I've climbed Alpe d'Huez during the "Marmotte", a competitive ride that starts in Bourg D'oisans and runs through Col du Glandon, Telegraphe, Galibier, Lautaret and finish on the Alp d'huez. The descent it's quite hard but not impossible.Every hairpins is dedicated to a famous cyclist.If I were you, I would climb the other passes too 
Attention to temperature; when I climbed in July it was over 90°F.If I'm not mistaken, there is a fountain along the road.


----------



## Dumbod (Dec 31, 2004)

Alpe d'Huez, by itself, is hard but not impossible, particularly if you're not concerned with speed. (It's brutal in the Tour because it's usually at the end of 140km day that includes 2-4 other rated climbs and they're trying to do at high speed.) Take your time and enjoy the experience, not the least of which is that someone will lean out of at least half the passing cars to yell "Allez, allez" in encouragement.

One tip, never look up. The climb is never as hard as it looks from below.


----------



## love4himies (Jun 12, 2012)

What an opportunity to be able to do this (and take pics for you to post on RBR). I know if it was me, I would give it a try.


----------



## poff (Jul 21, 2007)

After you are through the first four ramps which average 11% then it is a sail forward. enjoy it, it is fun. I've done it several times.


----------



## spookyload (Jan 30, 2004)

cacaito said:


> I've climbed Alpe d'Huez during the "Marmotte", a competitive ride that starts in Bourg D'oisans and runs through Col du Glandon, Telegraphe, Galibier, Lautaret and finish on the Alp d'huez. The descent it's quite hard but not impossible.Every hairpins is dedicated to a famous cyclist.If I were you, I would climb the other passes too
> Attention to temperature; when I climbed in July it was over 90°F.If I'm not mistaken, there is a fountain along the road.


Honestly Alpe d'Huez isn't even as hard as two of the ones you mentioned above. We made a week of climbing in 2011 and of the climbs we did, Glandon, and Galibier were much harder than Huez. I am definitely not a climber and had a 39x28 on the back and managed just fine. I think I finished Alpe d'Huez in an hour twenty. My goal was to beat Cheryl Crows time of 98 minutes. Like I said, there are others in the area much steeper and higher. Time goes by fast on Alpe d'Huez thogh because all of the turns are numbered and they have the name of a each different winner of a Tour stage there. You can usually still see the paint on the roads from the Tour stages too.


----------



## mikeyc38 (Sep 8, 2011)

LOL, if i can't beat Cheryl Crow's time I should be flogged!! That's now my goal.


----------



## den bakker (Nov 13, 2004)

cacaito said:


> Every hairpins is dedicated to a famous cyclist.

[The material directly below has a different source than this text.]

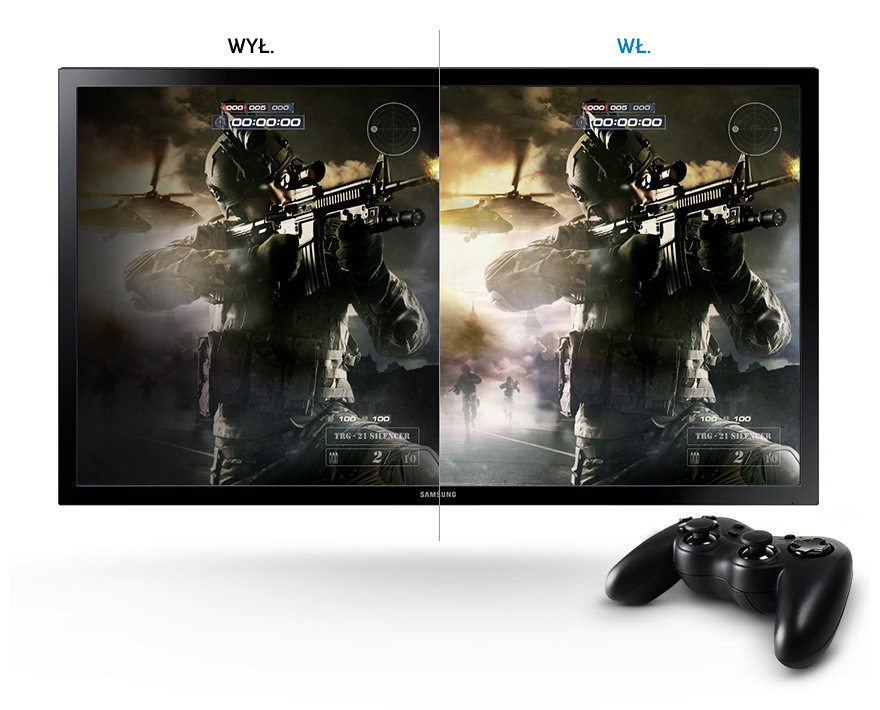 tryb dla graczy Naciśnij przycisk, a uzyskasz parametry ekranu idealnie dostosowane do gier. Tryb gier natychmiast zmienia ustawienia monitora, tak aby optymalizując istotne dla gier wideo parametry. Inteligentnie wzmacnia kolory i zmienia poziom kontrastu, Uwydatnia to ciemne elementy i rozjaśnia jasne punkty ekranu, zapewniając pełny pogląd akcji. Zmniejsza przy tym opóźnienie wyświetlania obrazu, dzięki czemu zyskujesz pewność, że nadąży za akcją i nigdy cię nie zawiedzie. |

although true, it's the winners on alpe d'Huez that are marked in the hairpins. So since they have now ridden it more than 21 times some turns have more than one name on them now. 
View attachment 278762


----------



## spookyload (Jan 30, 2004)

den bakker said:


> although true, it's the winners on alpe d'Huez that are marked in the hairpins. So since they have now ridden it more than 21 times some turns have more than one name on them now.
> View attachment 278762


Might not be a problem very soon. They are talking about removing Lance from the turns he is on. And be warned...you will be counting them down to end the misery. Don't get disheartened when you get to 1, and there are still a few to go. They quit counting them when they get to the edge, but it keeps going up.


----------



## burgrat (Nov 18, 2005)

Without a doubt...

View attachment 278766


----------



## cacaito (Apr 11, 2013)

spookyload said:


> Like I said, there are others in the area much steeper and higher. Time goes by fast on Alpe d'Huez thogh because all of the turns are numbered and they have the name of a each different winner of a Tour stage there.


I agree with you.
I remember that on Galibier I was near to fall into crisis; it was the first time I tried to climb a descent so long (more than 20km).
I started to fell better than i saw other cyclists climbing by feet.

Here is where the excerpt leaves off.